**What this task involves:** Pictures aside, print all of the data below exactly as written.

**Supplied material:**
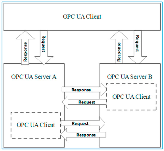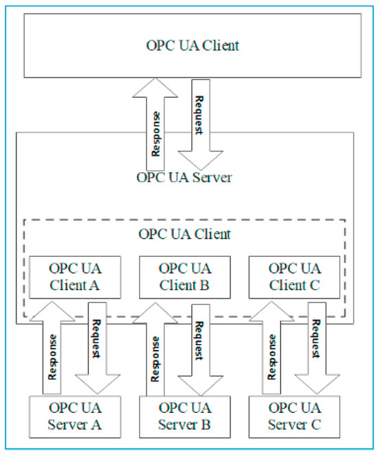 When communicating data from machines to IT systems, OPC UA uses either a client-server architecture [64] or the so-called publish–subscribe method [73]. In the much more widespread client-server architecture, the machine is usually the server, while the IT system is the client [74]. The server in the machine allows queries and conditions to be generated directly from the raw data of the machine and thus forms an initial filter. The client’s implementation in the area of IT systems has the advantage that different software agents can access the server’s data independently. However, it is also possible that both server and client are implemented in IT systems, whereby in this case, the central (aggregation) server serves as a middleware for forwarding data; see Figure 6 [75].
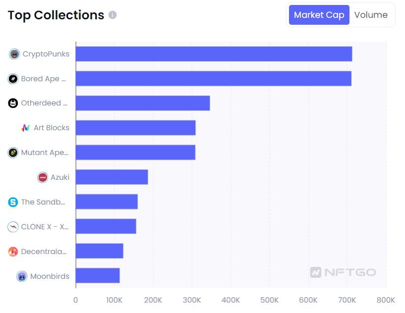 Meanwhile, according to NFTGo, CryptoPunks continues to be the leading NFT collection in terms of market cap, but Bored Ape Yacht Club is a close second.
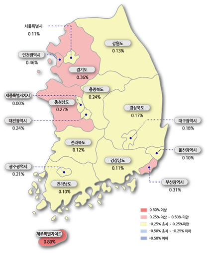 전국 기준으로는 6주 연속 0.23%를 지속하다가 7주 만에 0.25%로 오름폭을 확대했다. 5대 지방 광역시(대전·대구·부산·울산·광주)도 0.22%에서 0.23%로 상승 폭을 키웠다.

**Expected answer:**
 When communicating data from machines to IT systems, OPC UA uses either a client-server architecture [64] or the so-called publish–subscribe method [73]. In the much more widespread client-server architecture, the machine is usually the server, while the IT system is the client [74]. The server in the machine allows queries and conditions to be generated directly from the raw data of the machine and thus forms an initial filter. The client’s implementation in the area of IT systems has the advantage that different software agents can access the server’s data independently. However, it is also possible that both server and client are implemented in IT systems, whereby in this case, the central (aggregation) server serves as a middleware for forwarding data; see Figure 6 [75].
 Meanwhile, according to NFTGo, CryptoPunks continues to be the leading NFT collection in terms of market cap, but Bored Ape Yacht Club is a close second.
 전국 기준으로는 6주 연속 0.23%를 지속하다가 7주 만에 0.25%로 오름폭을 확대했다. 5대 지방 광역시(대전·대구·부산·울산·광주)도 0.22%에서 0.23%로 상승 폭을 키웠다.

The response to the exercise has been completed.